Think: ambient, no-wave, drone.
The Orca Whale Song
Despite their name, orcas, or killer whales, are actually dolphins. Like many dolphins, they are sophisticated vocal learners. They communicate with grunts, sheiks, clicks, and snaps from their lower jaws. Their calls are complex and mystifying, but they seem to aid the orca in locating prey and mating. Research by the University of British Columbia’s Marine Mammal Research Unit concluded that one specific song in the orca repertoire changed in a traceable manner over the course of 12 years through contact with different orca pods. Meanwhile another song remained relatively static. Although the researchers could not precisely determine the function of the changing call, they note that “The patterns of call modification we observed cannot be explained by genetic differentiation.” This may suggest animal culture amongst the orcas. The orca song is energetic and jarring, with a surprising variety of sounds that are introduced, faded out and then reintroduced in surprising ways.

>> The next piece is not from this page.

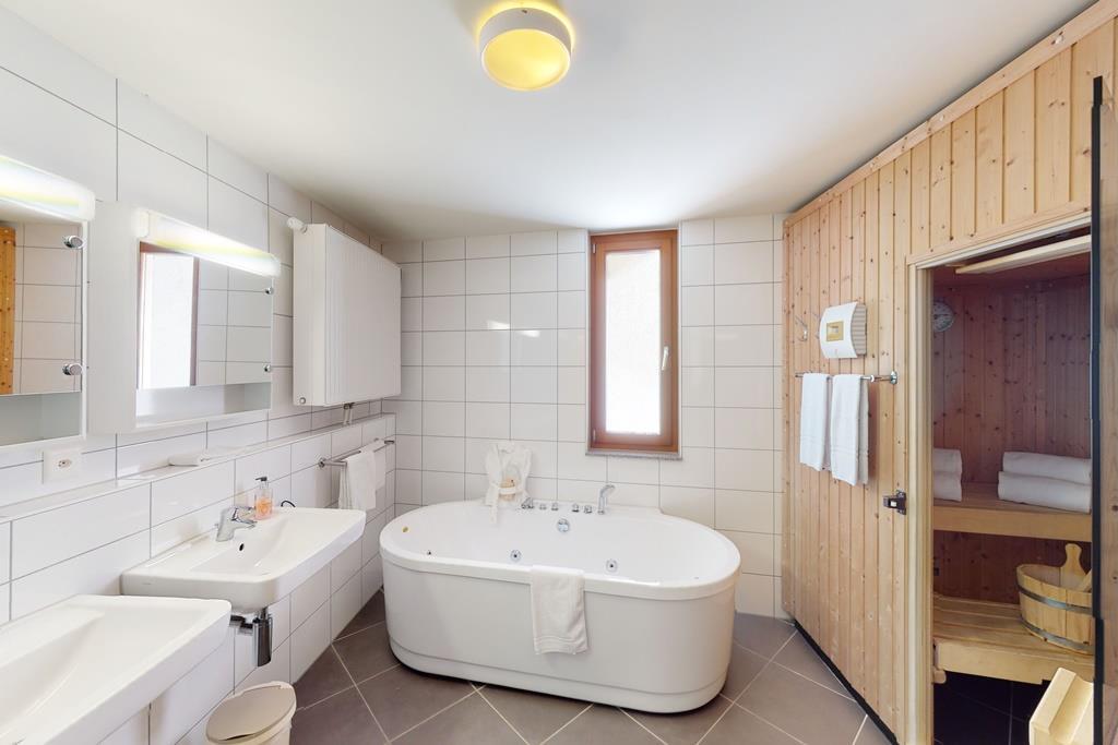 The holiday apartment has 1 bedroom with 2 single beds each 1 bedroom with 3 single beds each a bathroom with bath, shower, whirlpool, sauna, toilet and washbasin a separate toilet with washbasin a fully equipped kitchen with Nespresso capsule machine a balcony with lake- and mountain view Interior & technical equipment

Think: krautrock, industrial.
The 52Hz Whale Song
There’s one more whale that deserves special mention, whose species remains unknown. This whale, colloquially known as “52” has been heard but never seen. His call is consistently recorded at 52hz, a frequency higher than that of either the blue or the fin whale’s. Despite this discrepancy in frequency, his patterns of migration and the clustering of his calls indicate that he may be somehow related to either the blue or the fin. Scientists note that 52 appears every year in August before disappearing out of range of hydrophones in January. He has never been recorded with companions, leading many to speculate that he may be deformed, or hybridized, and thus unable to appeal to other whales. To my ears, the song bears a striking resemblance to one of the world's most melancholy sounds: the call of the mourning dove.

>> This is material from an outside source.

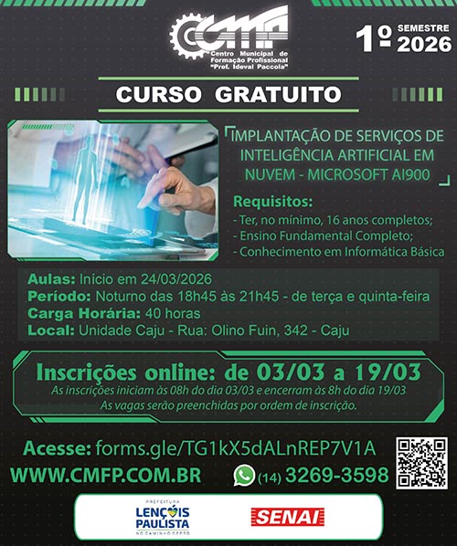 Faça sua Inscrição AQUI 1º Semestre 2026 - IMPLANTAÇÃO DE SERVIÇOS DE INTELIGÊNCIA ARTIFICIAL EM NUVEM - MICROSOFT AI900

Whale songs depend on a clear channel of water for the transmission of sound. Unfortunately, as the ocean is increasingly traversed, trawled, and extracted, these clear channels are virtually disappearing. Ambient noise pollution is caused by a wide range of human activities including shipping, sonar, and natural resource extraction among others. When the ocean floor is surveyed for possible wells, for example, “air guns” are utilized to propel massive sonic waves that have been recorded at 240db. Towed behind commercial ships and often arranged in arrays of 48, these devices create air blasts that travel all the way to the ocean floor. Taken all together, practices such as these create not a medley, but a cacophony of industrial activity.

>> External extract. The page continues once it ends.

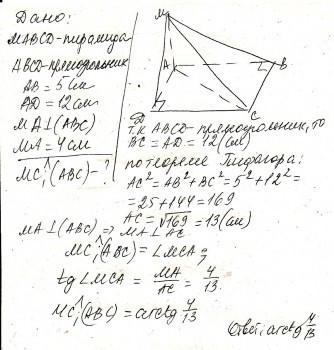 Основанием пирамиды МАВСD является прямоугольник АВСD со сторонами АВ = 5 см и AD = 12 см. Боковое ребро МА перпендикулярно к плоскости основания пирамиды и равно 4 см. Найти угол наклона ребра МС к плоскости ABCD. *б) Постройте сечение пирамиды плоскостью, параллельной плоскости основания и проходящей через точку F на ребре МА, MF : FA = 1 : 3. Найдите площадь сечения.

This cacophony has dire implications. Research has definitively linked military sonar exercises with the mass beaching of dolphins and whales. Scientists have discovered that many whales have taken to ‘shouting,’ or amplifying their call, while others have, disturbingly, stopped calling altogether. Given these startling discoveries, scientists have proposed measures to limit noise pollution. Researchers with the International Maritime Association have noted that the vast majority of shipping noise is generated by only 10 percent of the world’s commercial vessels, and have crafted new design standards to curb future vessel’s grumbling engines. The EU, meanwhile, has begun to legislate the production of oceanic noise. While practices like these have been slow to take hold, awareness of noise pollution seems to be on the rise. In the meantime, we can all do our part by staying informed and remembering that while the oceans are not our home, they do house some of the planets largest, most mysterious, and most endangered animals.